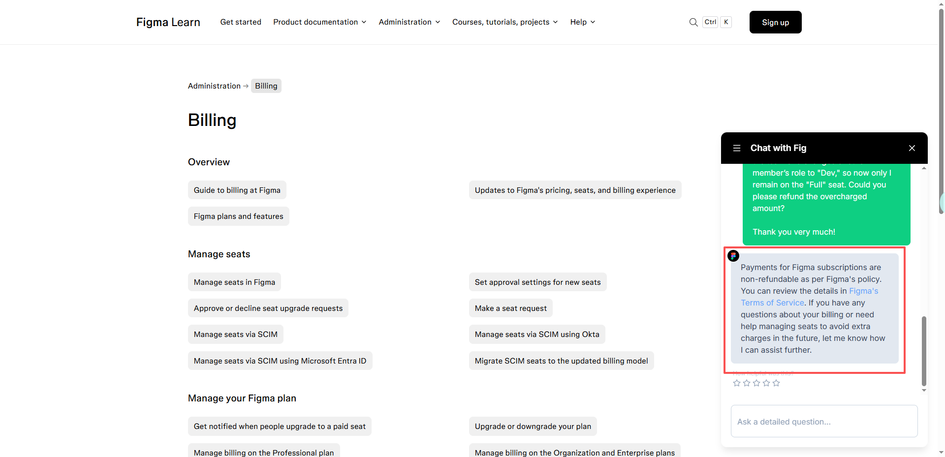 When I requested a refund for the overcharged amount, I was informed that Figma does not offer refunds under any circumstances. Since I've already paid for services I didn't intend to use---and won't be able to recover those costs---I've decided to cancel my subscription entirely to avoid further unexpected charges.
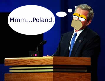 " Bush said he would invade Iraq again, even knowing what he knows now. How can anyone be that stupid? When a kid bangs his head against a cement wall once you admire his determination, but when he keeps on doing it you have to accept that he is just not very bright. The president lives in a world of spin, protected from everything and everyone except those who adore him. He is not capable of learning." -- Retired Four-star Gen. Tony McPeak, in a speech to a VFW group, 27 Sep 04
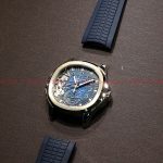 Un’ulteriore novità riguarda la Ref. 5960, cronografo con calendario annuale. Presentato con cassa in platino nel 2006, e allargatosi a ulteriori versioni, viene ora razionalizzato e si presenta in listino unicamente con cassa in oro bianco e quadrante blu opaco dove spiccano con intensità le indicazioni del crono sia le lancette di colore rosso. Di questo modello è disponibile anche una versione in acciaio (con bracciale dello stesso materiale) con quadrante nero.
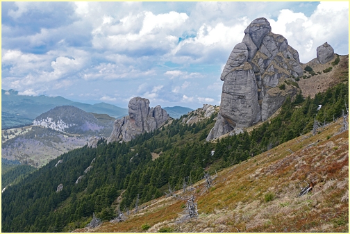 Die ersten malerischen Felsen ... erheben sich gleich hinter Cabana Varful Ciucas. Nach einem guten Essen und rumänischen Bier wanderten wir weiter hinauf Richtung Vf. Ciucas. ... |

++++++

Please copy the data shown above precisely, leaving the images out.

 When I requested a refund for the overcharged amount, I was informed that Figma does not offer refunds under any circumstances. Since I've already paid for services I didn't intend to use---and won't be able to recover those costs---I've decided to cancel my subscription entirely to avoid further unexpected charges.
 " Bush said he would invade Iraq again, even knowing what he knows now. How can anyone be that stupid? When a kid bangs his head against a cement wall once you admire his determination, but when he keeps on doing it you have to accept that he is just not very bright. The president lives in a world of spin, protected from everything and everyone except those who adore him. He is not capable of learning." -- Retired Four-star Gen. Tony McPeak, in a speech to a VFW group, 27 Sep 04
 Un’ulteriore novità riguarda la Ref. 5960, cronografo con calendario annuale. Presentato con cassa in platino nel 2006, e allargatosi a ulteriori versioni, viene ora razionalizzato e si presenta in listino unicamente con cassa in oro bianco e quadrante blu opaco dove spiccano con intensità le indicazioni del crono sia le lancette di colore rosso. Di questo modello è disponibile anche una versione in acciaio (con bracciale dello stesso materiale) con quadrante nero.
 Die ersten malerischen Felsen ... erheben sich gleich hinter Cabana Varful Ciucas. Nach einem guten Essen und rumänischen Bier wanderten wir weiter hinauf Richtung Vf. Ciucas. ... |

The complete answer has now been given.